TASK ITEM: The answer should be the exact lines from the line containing "最新出炉的预测显示,2025" through the last line of the material below, with no pictures.

###

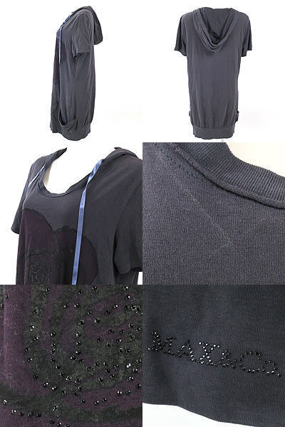 | 大きなバラのプリントが存在感たっぷり☆ キラキラと輝くブラックストーンをあしらい、華やかさをプラス☆ ゆったりとしたシルエットでお洒落しながら楽にお召しいただける逸品です。 気になる腰周りをカバーしてくれるチュニック丈も嬉しいですね! 首周りに線状の薄汚れが見られます。全体的に気にならない程度の 毛羽立ちが見られます。 着丈約87cm 袖丈18cm 肩幅42cm バスト約96cm 【サイズ】:(表記なし) 【素 材】:(コットン100%) 【 色 】:(チャコールグレー) 【程 度】:(AB) **** 12150520-002 247 025 | ||||
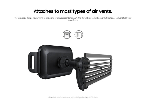 The 9W Wireless Car Charger supports Samsung Galaxy Devices, and up to 7.5W for iPhones.
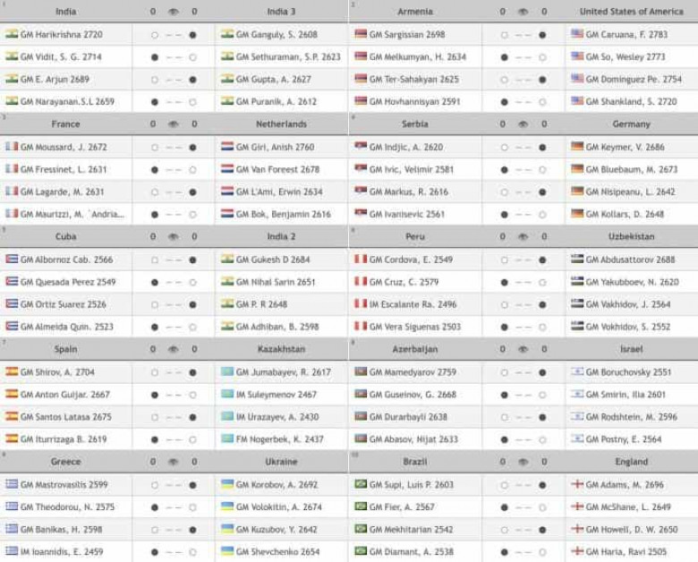 В предыдущих турах сборная Армении обыграла Мадагаскар (4:0), Андорру (3:1), Египет (2,5:1,5), Австрию (3:1), Англию (2,5:1,5), вторую команду Индии (2,5:1,5) и с 12-ю очками возглавляет турнирную таблицу. Сборная США идет на втором месте - 11 очков.
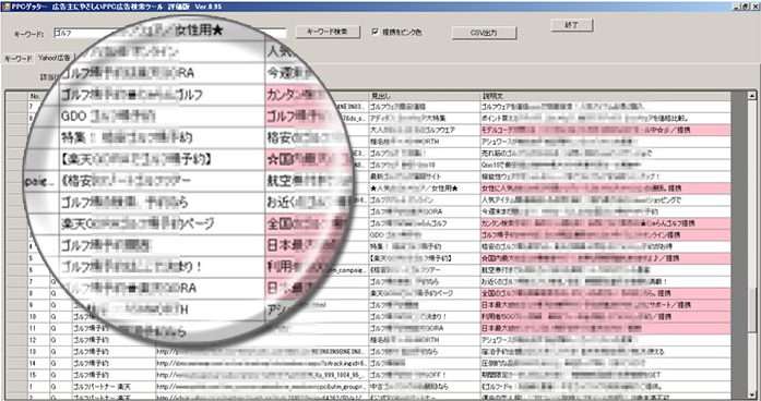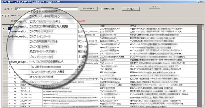 ツール上で見たい広告をダブルクリックすると、「広告主さんに広告費をかけない」で、PPC広告に出稿されている実際のホームページを見ることもできますし、ヤフープロモーション広告の検索結果は「CSVファイル」に保存することもできます。
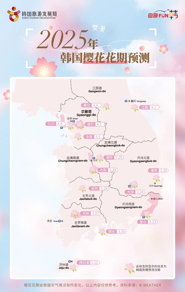 最新出炉的预测显示,2025年樱花花期预计比去年普遍提前3-8天。从最早花开的济州岛(3月22日)开始,釜山(3月23日)、首尔(4月1日)、江原道江陵(4月1日)等地区将依次拥抱蓓蕾初绽。
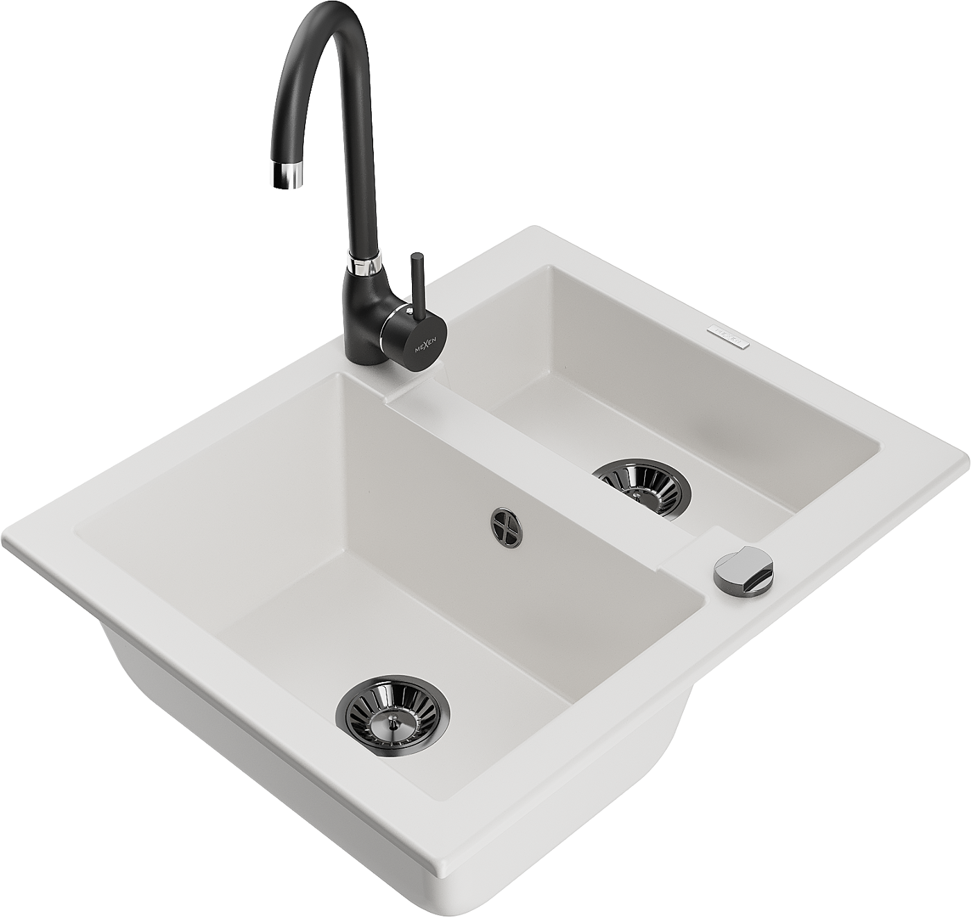 Mexen Carlos chiuvetă granit 1,5-camere cu robinet de bucătărie Telma, alb - 6518-20-670200-70

###

ANSWER FOR THE TASK:
 最新出炉的预测显示,2025年樱花花期预计比去年普遍提前3-8天。从最早花开的济州岛(3月22日)开始,釜山(3月23日)、首尔(4月1日)、江原道江陵(4月1日)等地区将依次拥抱蓓蕾初绽。
 Mexen Carlos chiuvetă granit 1,5-camere cu robinet de bucătărie Telma, alb - 6518-20-670200-70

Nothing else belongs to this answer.